== Input data ==
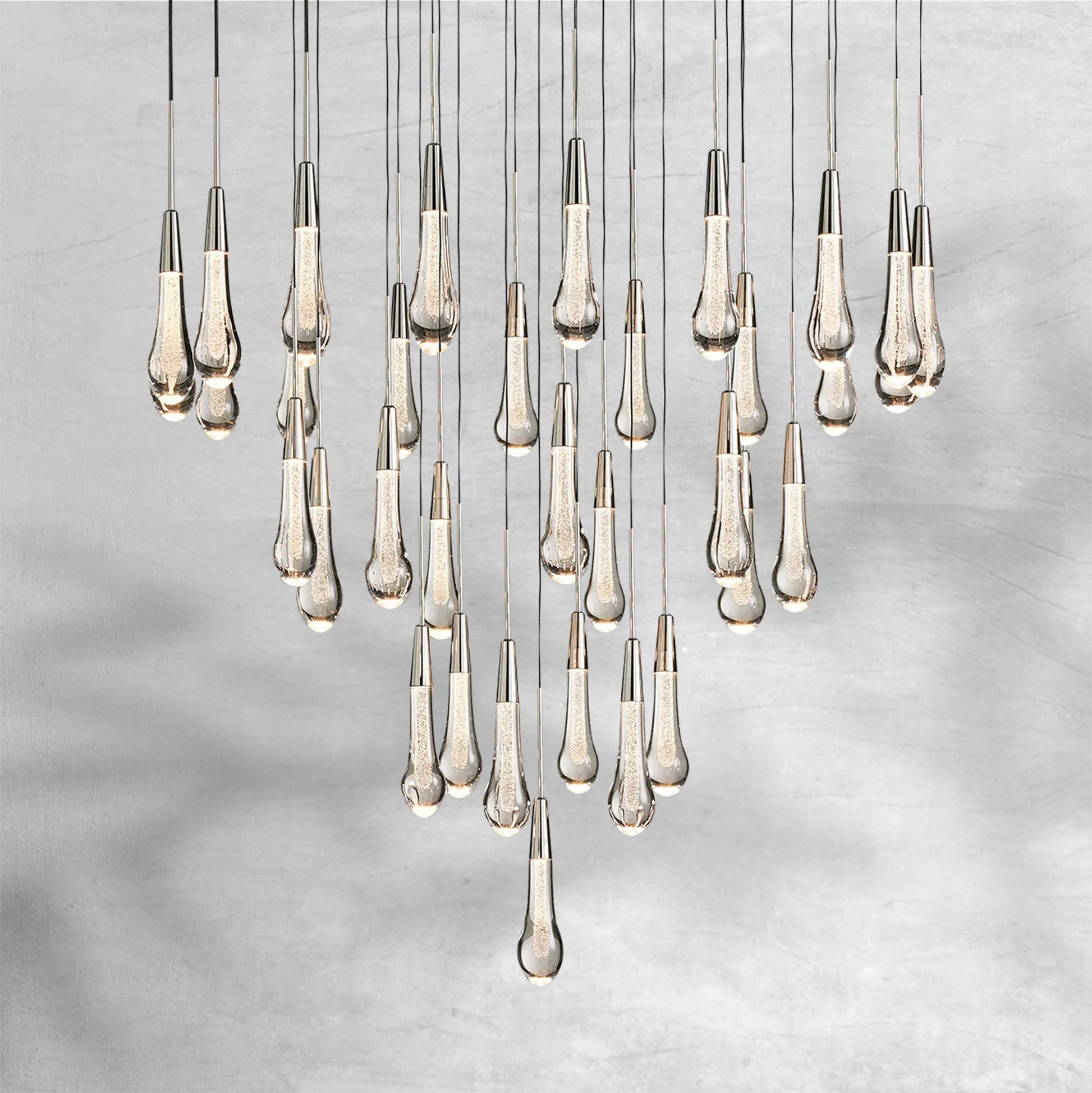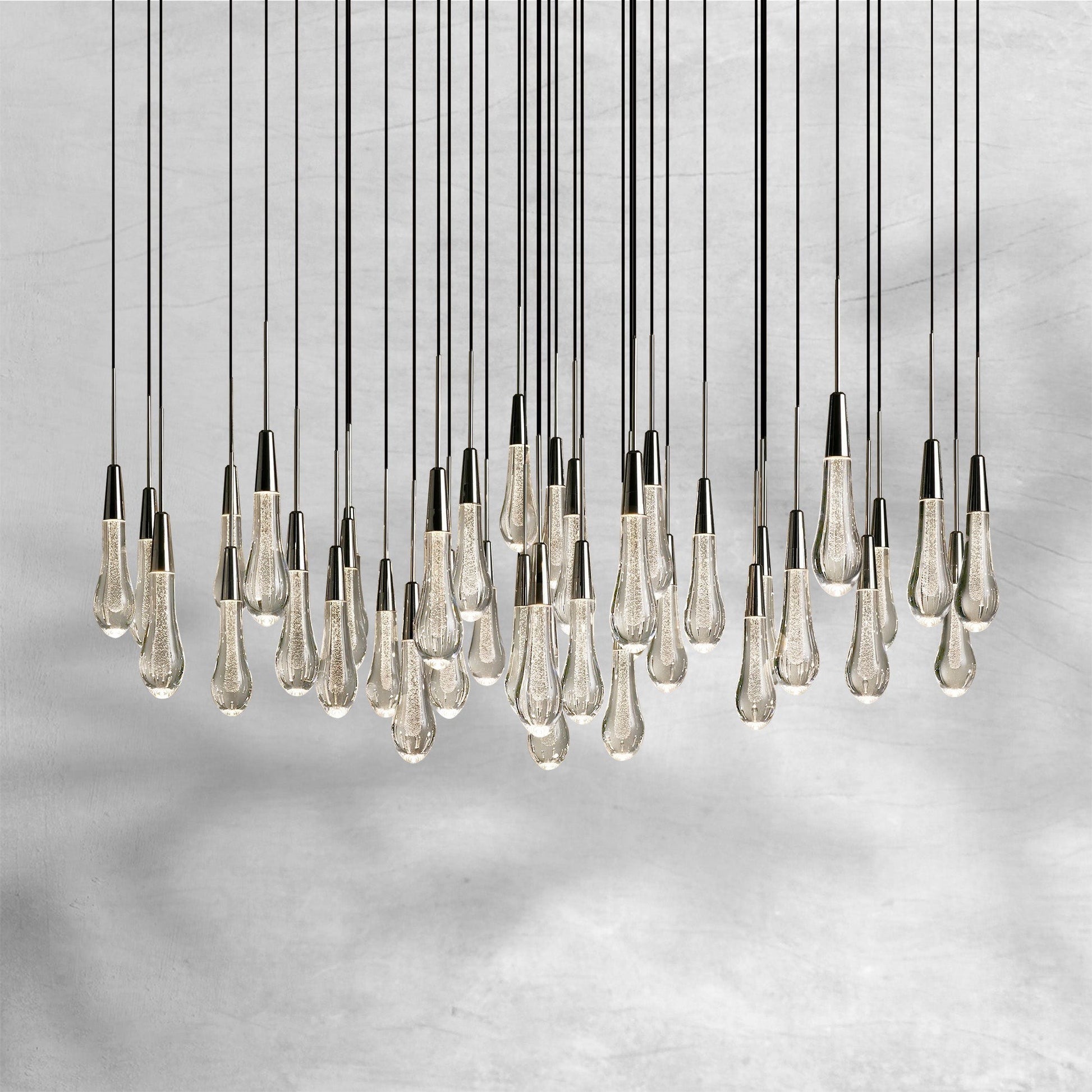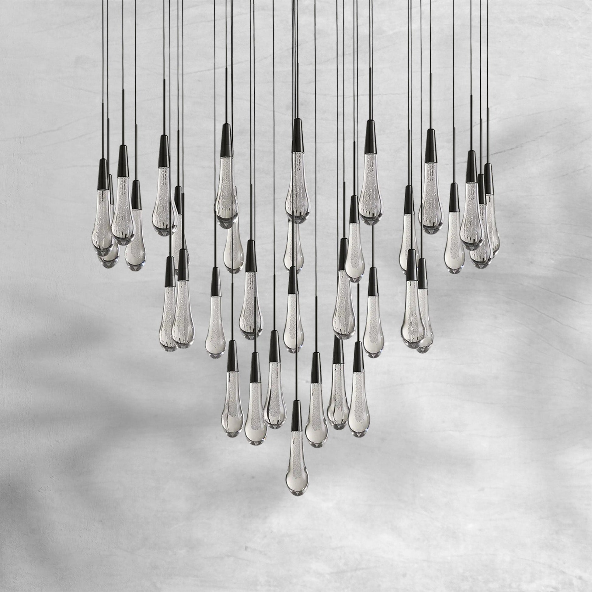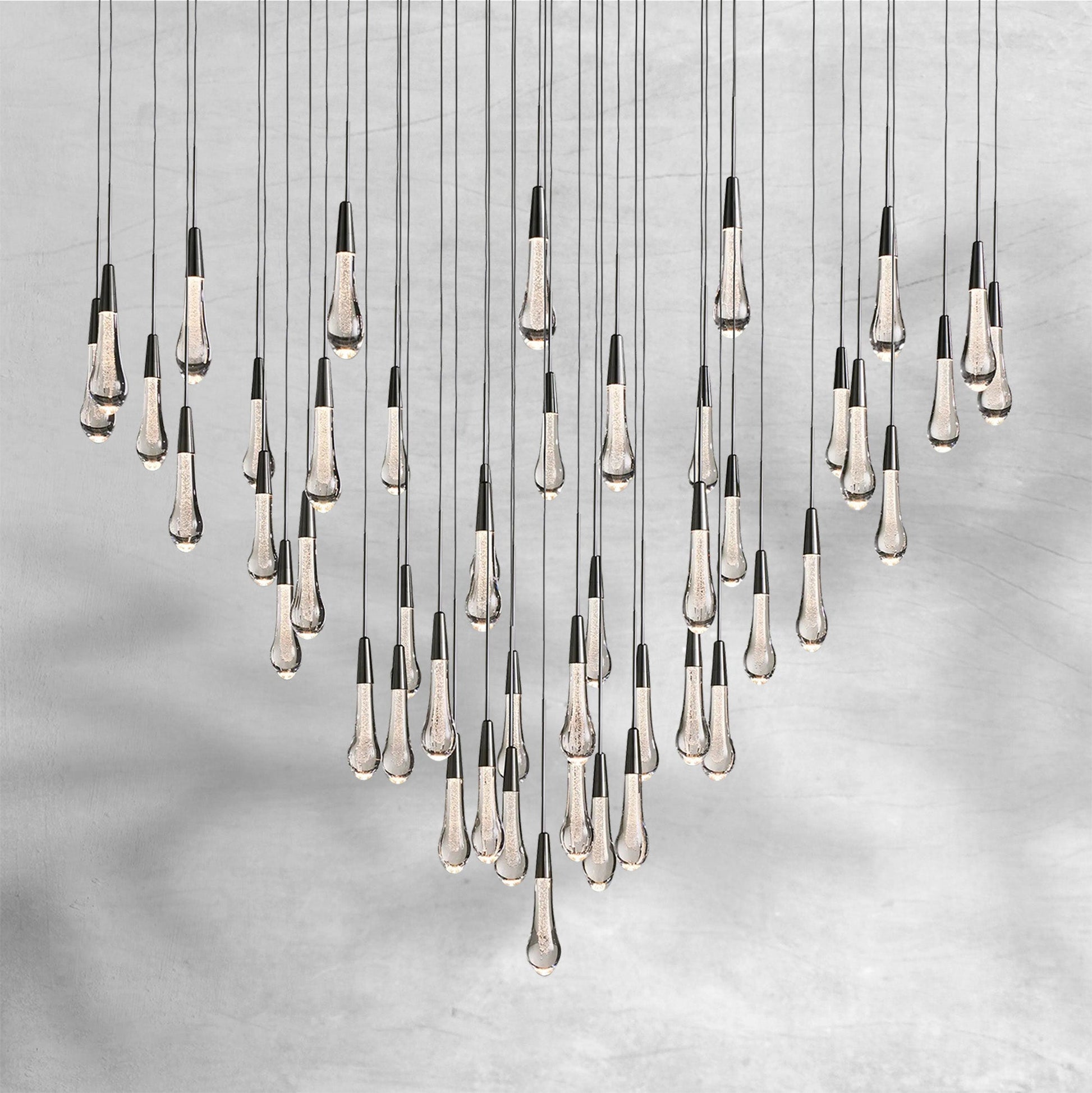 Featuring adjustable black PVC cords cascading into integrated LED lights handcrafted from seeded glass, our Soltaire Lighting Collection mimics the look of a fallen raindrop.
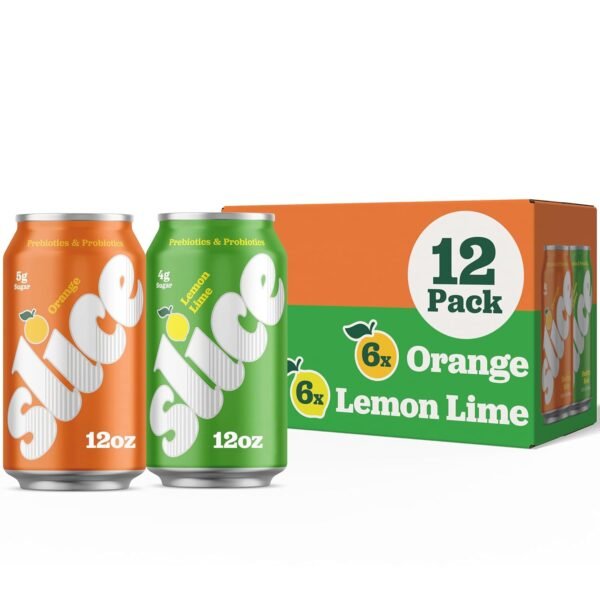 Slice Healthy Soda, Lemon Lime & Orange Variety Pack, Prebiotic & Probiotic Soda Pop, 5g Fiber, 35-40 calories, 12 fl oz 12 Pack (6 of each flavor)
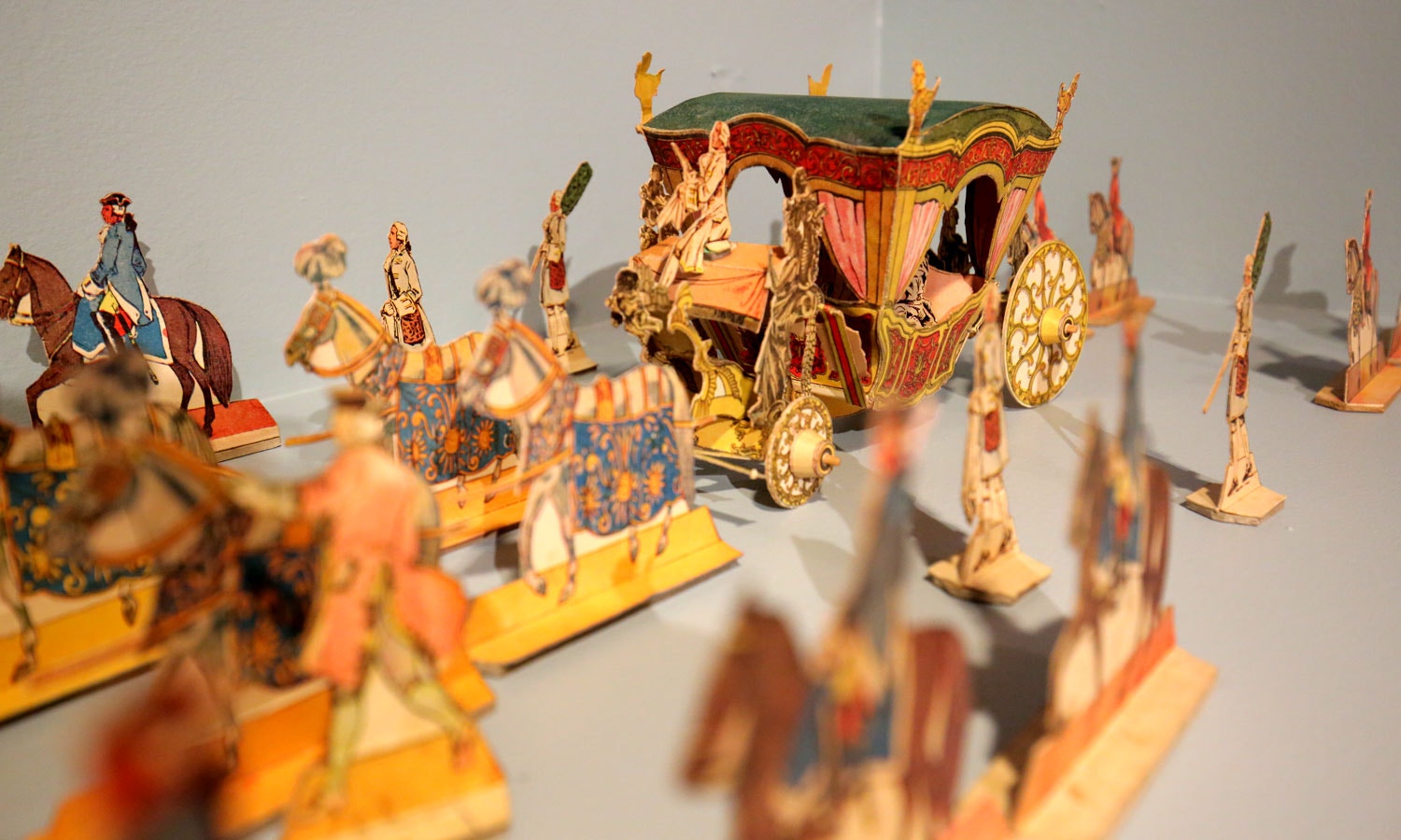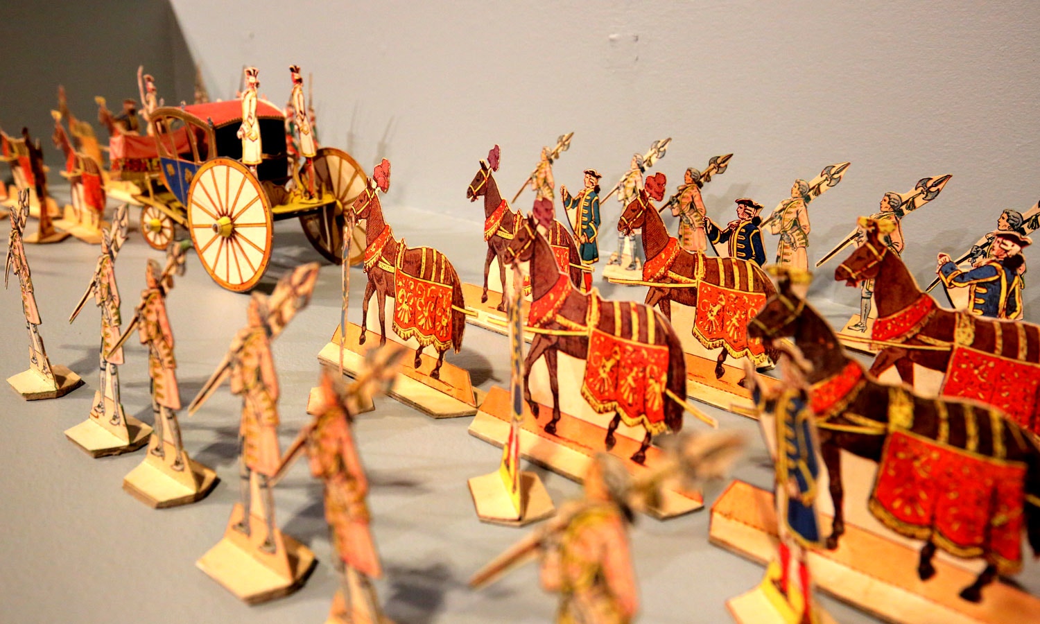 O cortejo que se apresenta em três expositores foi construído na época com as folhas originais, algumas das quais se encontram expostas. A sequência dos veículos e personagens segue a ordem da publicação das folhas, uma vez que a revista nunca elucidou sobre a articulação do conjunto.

== Exercise ==
Would you output the full listing exactly as it stands, minus the images?

== Exercise result ==
 Featuring adjustable black PVC cords cascading into integrated LED lights handcrafted from seeded glass, our Soltaire Lighting Collection mimics the look of a fallen raindrop.
 Slice Healthy Soda, Lemon Lime & Orange Variety Pack, Prebiotic & Probiotic Soda Pop, 5g Fiber, 35-40 calories, 12 fl oz 12 Pack (6 of each flavor)
 O cortejo que se apresenta em três expositores foi construído na época com as folhas originais, algumas das quais se encontram expostas. A sequência dos veículos e personagens segue a ordem da publicação das folhas, uma vez que a revista nunca elucidou sobre a articulação do conjunto.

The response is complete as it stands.